● **Your goal**
When you reach the line that contains "En España apenas", please begin copying, and carry on exactly to the last line of the material, leaving out every picture.

● **Listed entries**
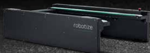
GOPAL KONVEIERIGA KAUBAALUSTE JAAM

Lahendusesse saab integreerida kutsunginupud (call buttons) roboti tellimiseks kaubaaluste jaamast sõltumatult.
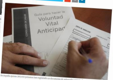
El Registro Nacional de Instrucciones previas en su último recuento a fecha de octubre de 2018 constata que apenas un 0,6% de la población española ha dejado constancia de sus deseos llegada la hora final de la vida.

En España apenas 265.000 personas han registrado de forma oficial un documento de voluntades anticipadas o testamento vital. La Sociedad Española de Cuidados Paliativos apuesta por la Planificación Anticipada de los Cuidados como un avance respecto al testamento vital.
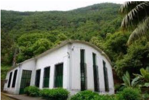
El Mulato, en San Andrés y Sauces. Archivo.

La plataforma quiere que se declare formalmente la extinción de la concesión del aprovechamiento hidroeléctrico a Endesa-Enel

● **Solution to this problem**
En España apenas 265.000 personas han registrado de forma oficial un documento de voluntades anticipadas o testamento vital. La Sociedad Española de Cuidados Paliativos apuesta por la Planificación Anticipada de los Cuidados como un avance respecto al testamento vital.
El Mulato, en San Andrés y Sauces. Archivo.

La plataforma quiere que se declare formalmente la extinción de la concesión del aprovechamiento hidroeléctrico a Endesa-Enel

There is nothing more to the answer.